# Data provided
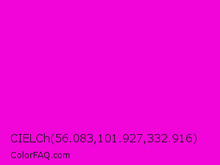 CIELCh 56.083,101.927,332.916 Color is a normal magenta color and the nearest color is Purple Pizzazz #ff00cc. Hex code #f205d9 and RGB value is rgb(242,5,217). In RGB color space, this color is composed of 95% red, 2% green, 85% blue, In CMYK color space, this color is composed of 0% cyan, 98% magenta, 10% yellow , 5% black , In HSL color space, this color has a hue angle of 306° , 96% saturation and 48% lightness.
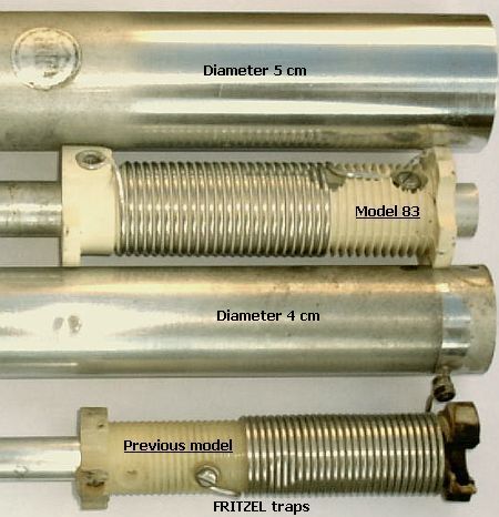 Voor een latere («fig) uitvoering van de Fritzel traps met een diameter van 5 cm, heb ik standaard PVC doppen gebruikt en in het centrum een passend gat gemaakt zodat het klemmend over de binnenste buis schuift. Als men eerst op het uiteinde van de kunststof spoelvorm siliconenvet aanbrengt en dan de dop erop schuift, weet u zeker dat het samenstel druipwater dicht blijft. Door weersinvloeden is de grijze kleur van de doppen bijna wit geworden.
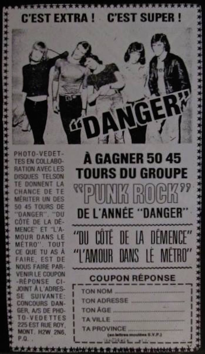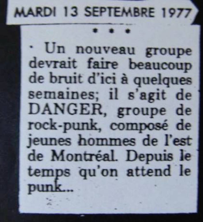 Danger is one of the first French-speaking punk bands in Quebec in the 70's. Danger est l'un des premiers groupes punk francophones au Québec des années 70.
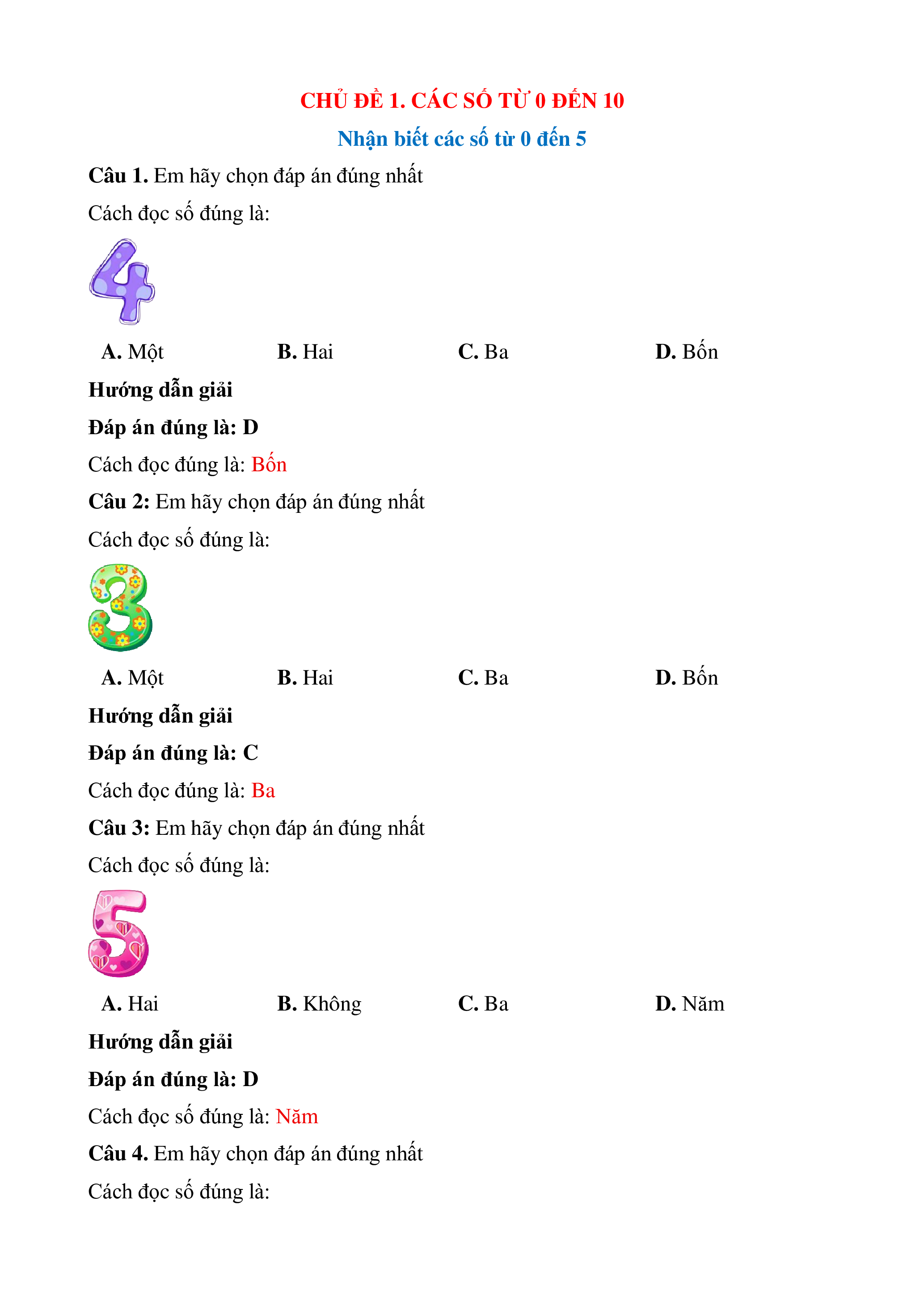 Câu 1. Em hãy chọn đáp án đúng nhất Cách đọc số đúng là: A. Một B. Hai C. Ba D. Bốn Hướng dẫn giải
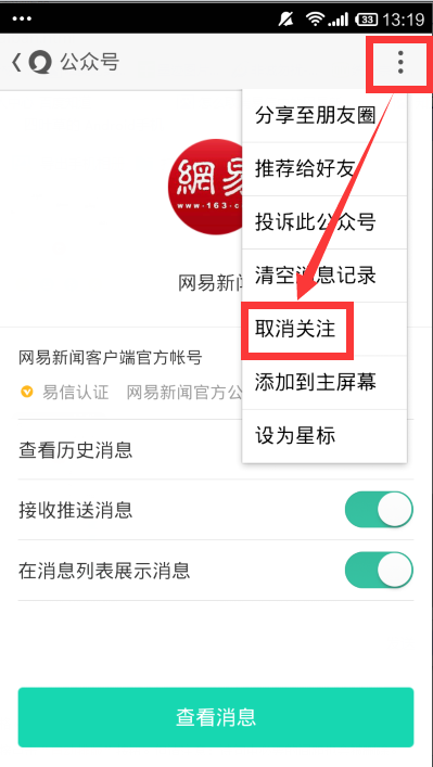 打开网易新闻的公众号界面,点击右上角的三个小方块的按钮,在弹出来的下拉列表里点击”取消关注“即可。

# Task instructions
From the line that contains "Voor een latere" to the final line of the entries, reproduce every line exactly, both ends included. Leave out all pictures.

# Response area
 Voor een latere («fig) uitvoering van de Fritzel traps met een diameter van 5 cm, heb ik standaard PVC doppen gebruikt en in het centrum een passend gat gemaakt zodat het klemmend over de binnenste buis schuift. Als men eerst op het uiteinde van de kunststof spoelvorm siliconenvet aanbrengt en dan de dop erop schuift, weet u zeker dat het samenstel druipwater dicht blijft. Door weersinvloeden is de grijze kleur van de doppen bijna wit geworden.
 Danger is one of the first French-speaking punk bands in Quebec in the 70's. Danger est l'un des premiers groupes punk francophones au Québec des années 70.
 Câu 1. Em hãy chọn đáp án đúng nhất Cách đọc số đúng là: A. Một B. Hai C. Ba D. Bốn Hướng dẫn giải
 打开网易新闻的公众号界面,点击右上角的三个小方块的按钮,在弹出来的下拉列表里点击”取消关注“即可。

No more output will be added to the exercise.